AI output is experiment output only. It is not archive evidence.

Data Sources

The fixture generator reads:

fixtures/archive_fixture_v0.json

The included fixture was exported from the archive project's public surface payload and is already safe for this research package. To regenerate it from the archive repo, run scripts/build_fixture.mjs from the archive checkout or pass an explicit source payload path.

The package includes:

fixtures/archive_fixture_v0.json
fixtures/benchmark_queries_v0.json

The fixture intentionally excludes image URLs for model use, raw HTML, cookies, sessions, browser cache paths, and model files.

Current Final Condition

The current paper-hardening condition is:

v3.3_contract_top3_300_delivered

It uses:

retrieval condition: top3_gold_contract_source_rights
runtime: WebLLM custom browser runtime
model: Qwen3.5-0.8B-q4f16_1-MLC
rows: 300 total, 109 deterministic hybrid rows, 191 Qwen model-generation rows
answer system: deterministic refusal lane, deterministic source/rights lane, V3.3 postprocessed prose, and deterministic evidence-tag injection

This is a controlled contract/gold-evidence generation condition. It does not claim end-to-end product retrieval recall. See:

EXPERIMENT_STATUS.md
CLAIMS_AND_NON_CLAIMS.md
REPRODUCIBILITY.md
reports/FINAL_ARTIFACT_INDEX.md

Journal of Documentation positioning notes are tracked separately as planning materials, not submission prose:

essay/jod_positioning.md
essay/jod_article_outline.md
essay/jod_submission_readiness.md

Run Checks

From the repository root:

npm run gold:build
npm run evidence:health:strict
npm run evidence:value:strict
npm run method:context:strict
npm run labels:consistency:strict
npm run gold:sufficiency
npm run retrieval:coverage
npm run audit:labels
npm run audit:labels:strict
npm run audit:quality
npm run audit:full
npm run benchmark
npm run analyze

After a generation run writes answers as JSONL, validate them against the gold label contract:

npm run generation:contract -- path/to/answers.jsonl --strict
npm run generation:contract:v2 -- path/to/answers.jsonl --strict

When changing rules or labels, optional guardrails are available:

npm run audit:regression -- reports/baseline_audit.json reports/gold_label_audit_v0.json
npm run labels:change-log -- old_labels.jsonl fixtures/gold/labels.jsonl
npm run scaffold:intent -- --intent=new_intent --lanes=research_answer,refusal_more_context --required=record_id,title,source

For a local browser view:

npm run serve

Then open:

http://127.0.0.1:4177/browser_lab/index.html

The browser lab is a static research UI. It performs local retrieval and evidence-packet construction from the fixture.
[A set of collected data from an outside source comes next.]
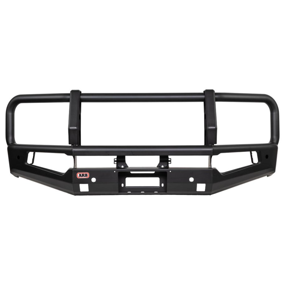 ARB SUMMIT BAR MKIIDesign and DevelopmentDevelopment began with a number of primary areas of the existing Summit Bar platform:• Buffers• Fog light housing• Fitting timeSummit MKII has eliminated front buffers and now has robot welds on the front face of the bar to highlight ARB's excellence in sheet metal fabrication. Fog light design has been significantly updated to include a plug and play indicator / clearance light / Daytime Running Light and fog light within one complete unit for an integrated approach to incorporate these requirements on modern vehicles.FEATURES:• Vehicle specific design• Registered design of styling and design components.• Durable steel construction for maximum protection.• Incorporates ARB's renowned multi fold upswept and tapered wing design for optimum strength and approachangle.• 30mm radius on wings and centre section.• 60.3mm outer frames and centre cross tube.• Engineered, air bag compatible mounting system secures to the chassis via high tensile bolts.• Split pan design for maximum strength and airflow.• Extensive protection panels on centre and either side.• Pressed form top pan and aluminium (powder coated matt black) winch cover panel.• Twin ARB Jack or Hi-Lift jack points located in the lower pan• Two aerial brackets located on the outer frames.• Will accommodate Warn, Magnum, Bushranger, Smittybilt low mount model electric winches up to 10,000lb.• Provision to accommodate ARB Intensity and Solis LED's and a range of Bushranger lights.• Includes ARB LED Fog light, LED Daytime Running Light and LED indicators and clearance lights• Bar adds approximately 174mm to the overall length of the vehicle.• Approximate weight of the bar, chassis mounts and fitting kit is 79kg. Approximately 17kg is removed from thevehicle for fitment of the bar.• Metaprep primer for additional corrosion resistance.• Finished in matt black powder coat with the option to colour code to vehicle colour.
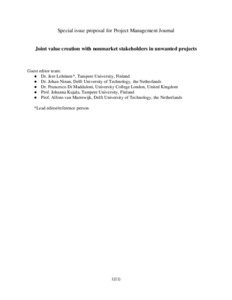 Title: | Call for Papers: Joint Value Creation With Nonmarket Stakeholders in Unwanted Projects |
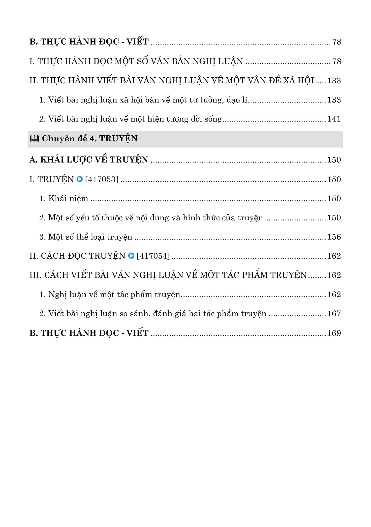 Trong các chuyên đề từ 04-08 ngữ liệu được sắp xếp theo trình tự nhóm loại ( chẳng hạn trong chuyên đề 04. Truyện, ngữ liệu gồm các tác phẩm truyện có yếu tố kì ảo - truyện ngắn hiện đại - trích đoạn tiểu thuyết ) và thời gian ( xa - gần, xưa - nay ). Gắn liền mỗi chuyên đề là bài giảng video hướng dẫn chi tiết để các em học tập.
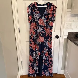 ELIZA J Obi Floral Print High/Low Dress Navy Floral 45360
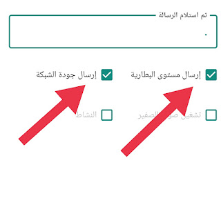 3- بإمكانك تحديد خياري ” إرسال مستوى البطارية ” و ” إرسال جودة الشبكة ” لمعرفة نسبة شحن البطارية عند الطرف الآخر وجودة الشبكة.
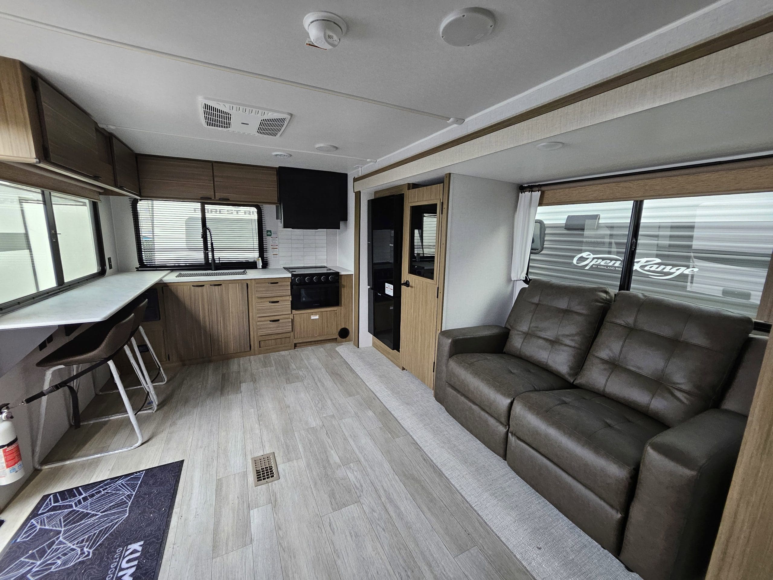 22ERAS Floorplan Wildwood Travel Trailers Features & OptionsNew FeaturesRetro/Metal Redesign4K Blade LightingJBL Speakers — Interior/Exterior4K Awning Blade LightingTFL Cabinet DoorsHeavy Duty Cabinet HingesFold-Out Trash CanVersa-Range (N/A 27RE 28VIEW & 32RET)Versa-Range Spice Rack (N/A 27RE 28VIEW & 32RET)Stylish Backsplash UpdateVersa-Flex: Desk Dinette & Chaise (Most Models)Lock & Groove Shiplap Islands (where applicable)Luminous Arched Radius PanelsExpanded Kitchen WindowStylish Roller

For a browser-local WebLLM/Qwen runtime round, open:

http://127.0.0.1:4177/browser_lab/webllm_round.html

For the current paper-facing V3.3 controlled condition, use the dedicated launcher:

http://127.0.0.1:4177/browser_lab/webllm_v33.html

It opens the exact V3.3 URL:

http://127.0.0.1:4177/browser_lab/webllm_round.html?round=webllm_round_03_latency300_v33_postprocessed_prose&start=1&limit=300&queries=../fixtures/expansion/round03_300/queries.jsonl&labels=../fixtures/expansion/round03_300/labels.jsonl&records=../fixtures/expansion/round03_300/records.jsonl&retrieval=../reports/retrieval_sufficiency_300_contract.json&variant=top3_gold_contract_source_rights&promptVariant=r03_v33_postprocessed_prose

Then:

Click Probe WebGPU.
Click Load WebLLM.
Run the selected query or the configured query range.
Click Download results.
Import the browser-exported JSON:

npm run webllm:import -- path/to/webllm_round_01_export.json --strict

The WebLLM page uses a research-only custom MLC/WebLLM model configuration for Qwen3.5-0.8B-q4f16_1-MLC. This is not a product runtime path. The browser may download and cache model artifacts locally during the run; those artifacts are not committed and are outside the fixture package.

Paper-Hardening Commands

The current non-WebGPU paper-hardening checks are:

npm run audit:labels:300
npm run retrieval:contract:300
npm run prompts:audit:300:v33
npm run contract:oracle:300
npm run quality:v33:300
npm run v42:stats
npm run paper:manifest:v33
npm run paper:raw-vs-delivered:v33
npm run paper:review-fixture:v33
npm run paper:review-summary:v33

Or rebuild the paper-facing artifacts together:

npm run paper:reproduce

Metrics

The benchmark schema records:

query id and query type;
answer lane;
candidate count;
retrieval time;
prompt bytes;
estimated prompt tokens;
source/rights preservation;
no-evidence refusal correctness;
exact gold evidence id coverage;
generation status;
model load status, cache state, WebGPU status, TTFT, total latency, output tokens, tokens/s, deterministic lane markers, and postprocess actions when the browser/WebLLM runner exposes them.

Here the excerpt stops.